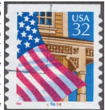
Figure 2: PP/VV variety of 2915A

Peaks are the portions of a die cut that protrude from the side of the stamp while valleys are the portions that make up the inward curve. The shapes present at the top left and bottom left corners of a vertically die-cut stamp, such as a FOP, are indicated with the abbreviations P/V (or PV) and V/P (or VP), respectively. The abbreviation PV/VP indicates a peak/valley configuration on the left side of the stamp (peak at the top, valley at the bottom), and a valley/peak configuration on the right side (valley at the top, peak at the bottom). Figure 1 is an example of PV/VP and VP/PV varieties.
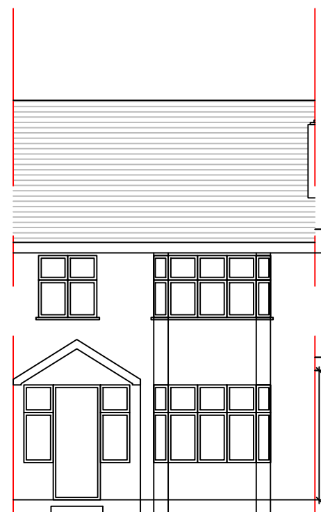
EXISTING FRONT ELEVATION SAME AS EXISTING

NOTES DO NOT SCALE. WORK TO FIGURED DIMENSIONS ONLY. CONTRACTOR TO CHECK ALL DIMENSIONS. ALL ERRORS AND OMISSIONS TO BE REPORTED TO THE ARCHITECT.
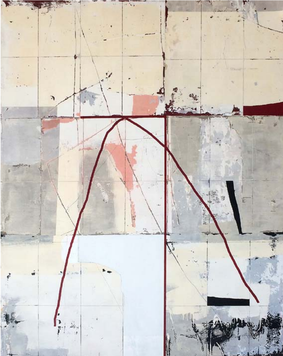
Antoine Puisais Untitled , 2017 Mixed media on linen, acrylic, spray paint, filler and glue 162 × 130 cm
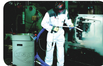
Industrial Mold Cleaning
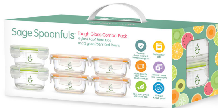
Tough Glass Combo Pack ST18300
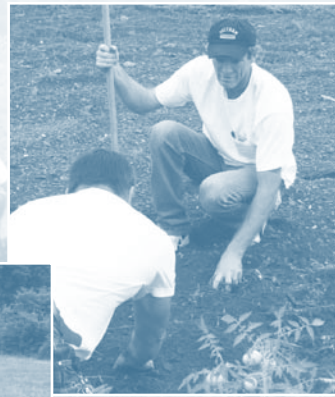
Today our clients, volunteers and staff are tending the garden and hoping for great results.

They have designated a bin for the Hope Center where gardeners place extra produce or items they would like to donate. Each day, one of the gardeners is scheduled to bring produce from the bin to the Hope Center. Between all of our locations, the Hope Center serves approximately 1,200 meals a day. This "bounty" being provided by the gardeners is indeed a blessing to our clients. Many thanks to Beaumont Presbyterian and all the gardeners! 🌱
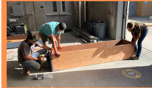
CONSTRUCTING PRO-FORM BOX
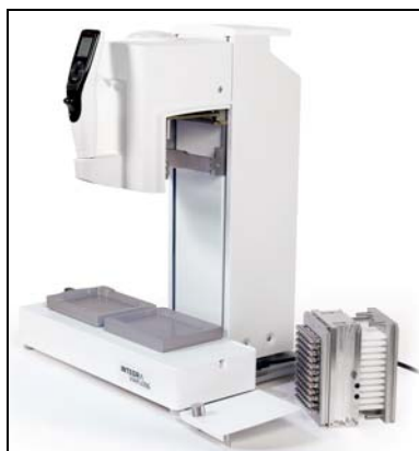
Figure 2: Convenient exchange of a pipetting head.

The drive for higher sample throughput and the urge to cut cost per reaction looks set to continue. Today your lab might still be working in 96-well formats, but tomorrow you maybe want to switch to 384-well plates. If you see a need to work with 384-well plates down the road, it might be better to buy a pipette which can work with both 96- and 384-channel pipetting heads. If you worry about the higher cost for such a device, at least make sure your 96-channel pipette has a convenient indexing functionality for 384-well plates and provides a way to work precisely with volumes between 0.5 to 50 \mu l.
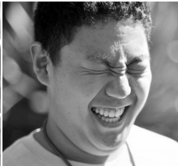
Happy to be at Camp!
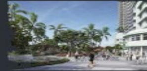
Ocean Terrace Park
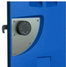
Digital Lock Ideal for Hire Lockers
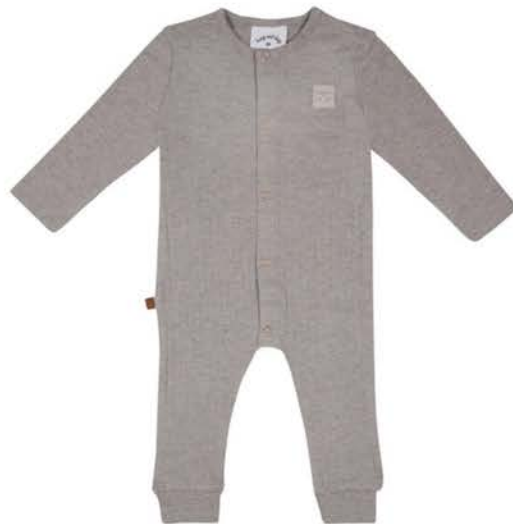
Raccoon Melange 10x1 Rib Onesie 24082008 baby €26,99

*Available for babies in sizes 50/56 to 80 and toddler 86 to 104
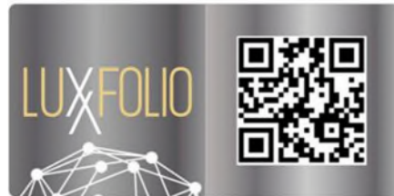
Viewing Angle 1
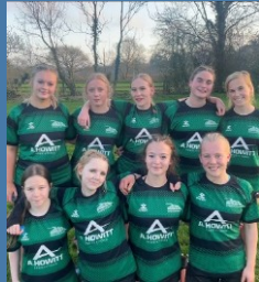
Sports News Page 3
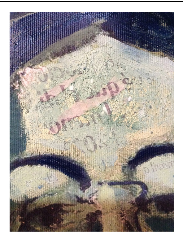
Fig. 14 Simulation of the transfer of newspaper letters on to a painted copy of Jaume Sabartés with Pince-Nez by Reyes Jiménez Garnica, oil on canvas, 2018

Picasso once tried to give Jaume Sabartés with Pince-Nez to Sabartés' family but finally he decided kept it for himself. He also kept Portrait of Mateu Fernández de Soto for himself for the rest of his life.<sup>9</sup>
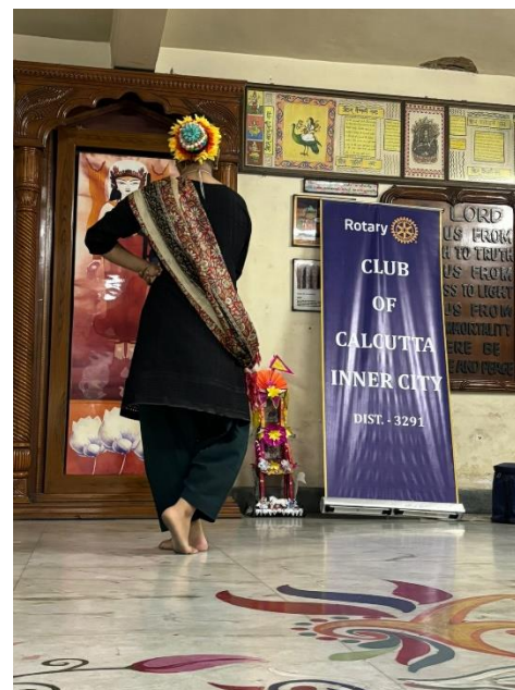
Dance performance by Students
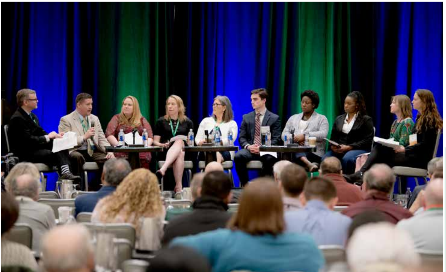
A panel of speakers participated in a "community conversation" about opioid use in Ohio. The session launched a series of conversations across the state.
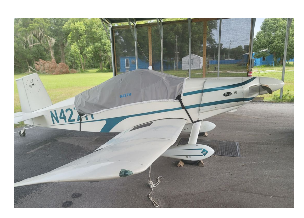
Thorp T-18 Travel Cover
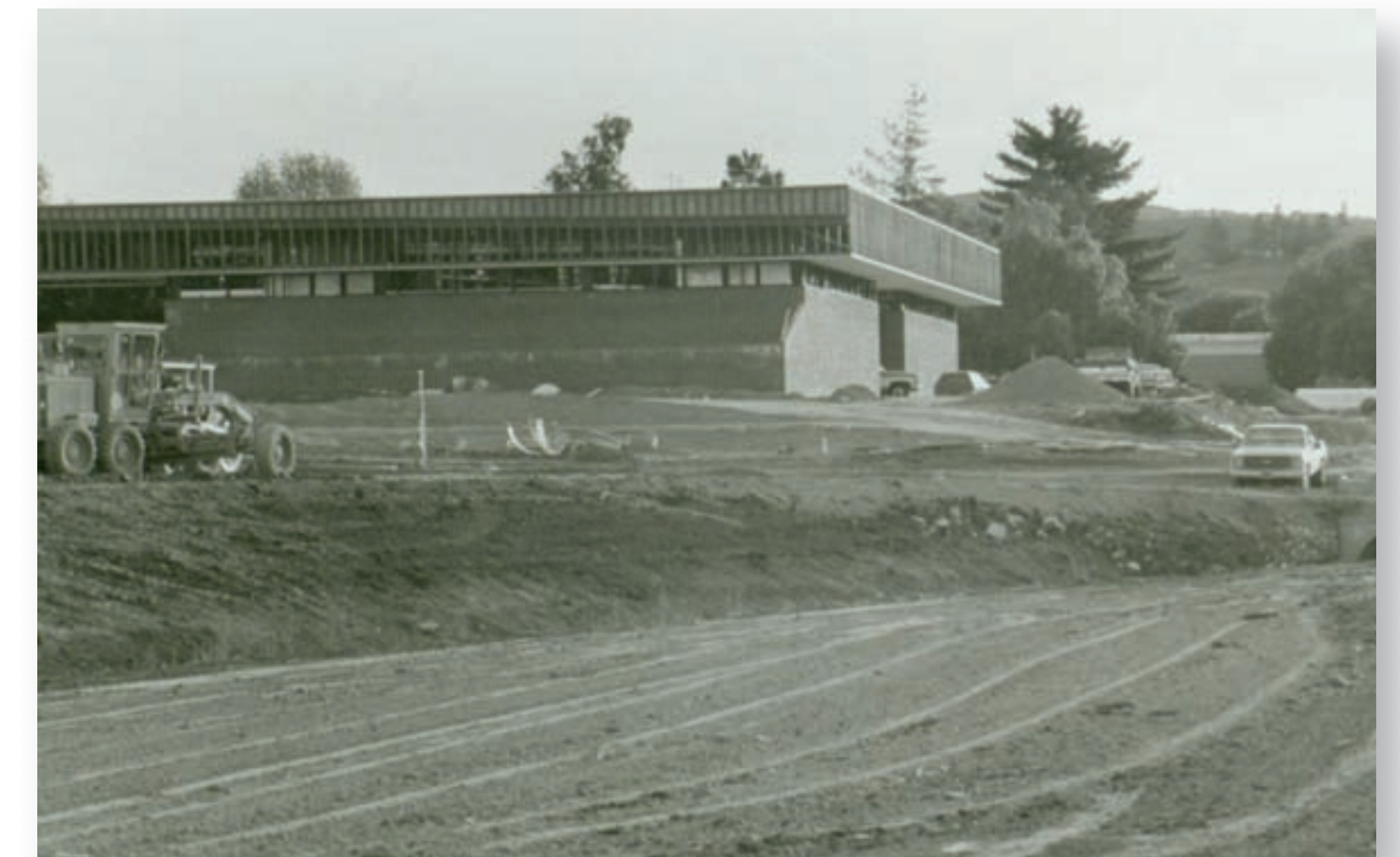
Construction of the Pearson Library and Preus-Brandt Forum in 1984.
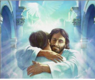
Sharing the great love of Jesus through the beauty of our Catholic faith
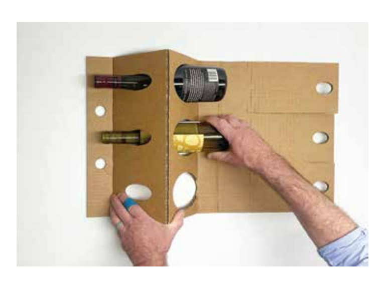
4 Insert 2nd Bottle
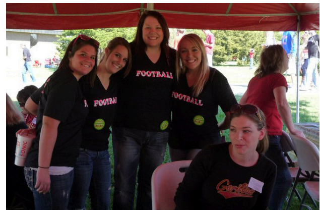
Homecoming Tailgate 2010
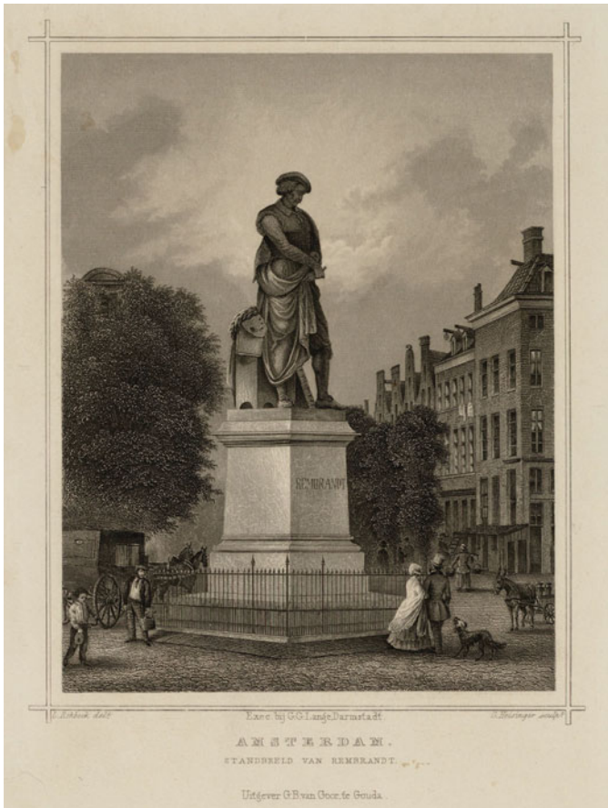
Figure 2: (Colour online) This engraving of the Rembrandt statue from 1855 shows city dwellers in admiration of the monument and was probably made for commercial purposes.

the monument. Unfortunately, we know little about the manufacturing process. The drawings, engravings and lithographs were commercial products; shortly before and after the unveiling ceremonies, newspapers advertised prints in a wide price range. This practice suggests a market and a popular response.
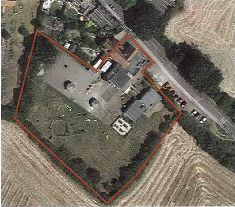
Arial Google Site Image

# Exercise instructions
The lines to return are those holding the string "Pince" anywhere in the listing above.

# Response
Fig. 14 Simulation of the transfer of newspaper letters on to a painted copy of Jaume Sabartés with Pince-Nez by Reyes Jiménez Garnica, oil on canvas, 2018
Picasso once tried to give Jaume Sabartés with Pince-Nez to Sabartés' family but finally he decided kept it for himself. He also kept Portrait of Mateu Fernández de Soto for himself for the rest of his life.<sup>9</sup>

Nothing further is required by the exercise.